In Europe, Middle East and Africa as well as in Asia Pacific this material is considered marketing material, but this is not the case in the U.S. The value of an investment can fall as well as rise and you might not get back the amount originally invested at any point in time. Your capital may be at risk.

No assurance can be given that any forecast or target can be achieved. Forecasts are based on assumptions, estimates, opinions and hypothetical models which may prove to be incorrect. Past performance is not indicative of future returns. Performance refers to a nominal value based on price gains/losses and does not take into account inflation. Inflation will have a negative impact on the purchasing power of this nominal monetary value. Depending on the current level of inflation, this may lead to a real loss in value, even if the nominal performance of the investment is positive.

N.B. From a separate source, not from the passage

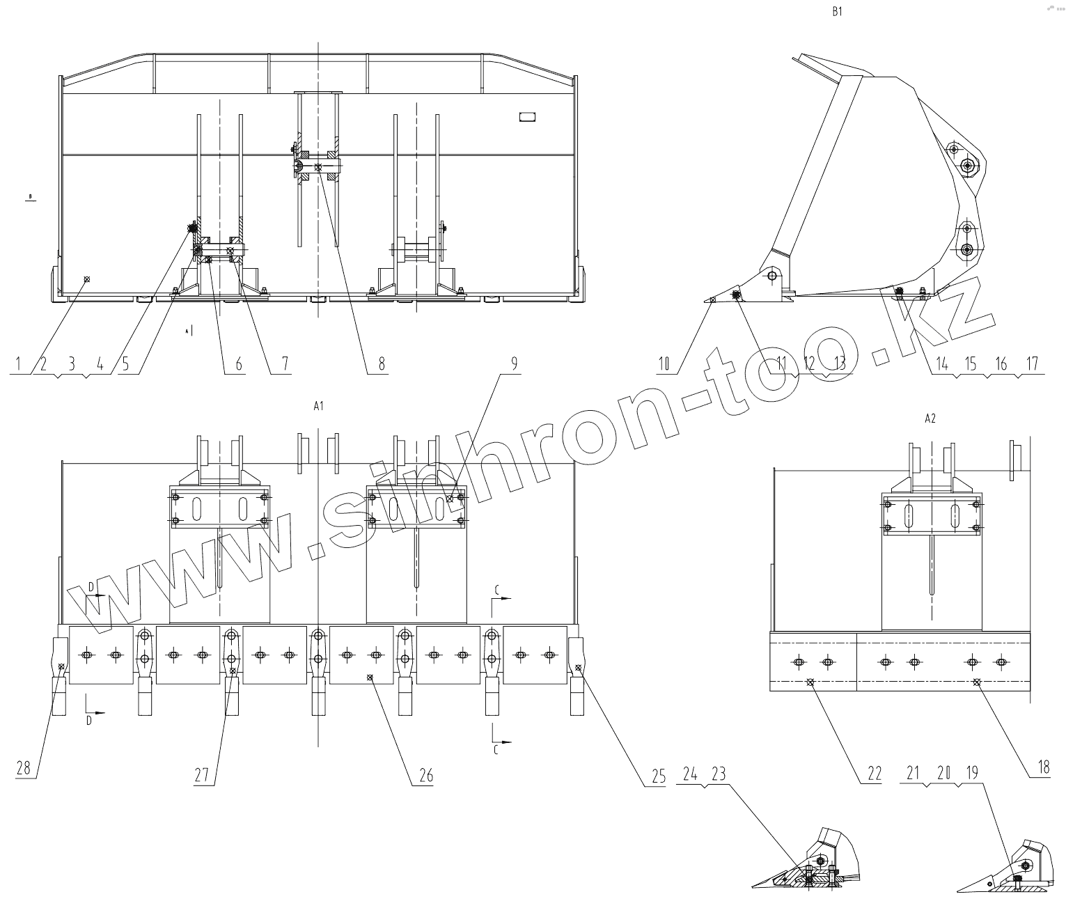 Каталог запасных частей к технике: LiuGong CLG-842. 32E0508 000 BUCKET AS (2.7m3)

This web page is not an offer to buy a security or enter into any transaction. The products, services, information and/or materials contained within these web pages may not be available for residents of certain jurisdictions. Please consider the sales restrictions relating to the products or services in question for further information. Deutsche Bank does not give tax or legal advice; prospective investors should seek advice from their own tax advisers and/or lawyers before entering into any investment.

ESG is an acronym that stands for Environment, Social, Governance. Our ESG framework takes into account applicable regulations and is assessed and updated continually, plus guiding principles developed in-house based on Deutsche Bank’s values and beliefs.

There is currently a lack of uniform criteria and a common market standard for the assessment and classification of financial services and financial products as sustainable. This can lead to different providers assessing the sustainability of financial services and financial products differently.

In addition, there are various new regulations on ESG and Sustainable Finance, which need to be substantiated, and further draft regulations are currently being developed, which may lead to financial services and financial products currently labelled as sustainable not meeting future legal requirements for qualification as sustainable.

We utilize data as well as ESG assessment methodologies that are supplied by independent third-party provider(s). These third-party assessment methodologies and corresponding ratings are therefore subject to change, which may result in turnover in investments within a portfolio to remain in line with an agreed ESG baseline.

ESG ratings are not currently regulated. Therefore, it is important to note that there is a selection of such data providers in the market, and methodologies between these can vary leading to different ratings for the same instruments.

ESG principles may result in a less diversified, more concentrated portfolio. ESG investing may result in the exclusion of specific industries.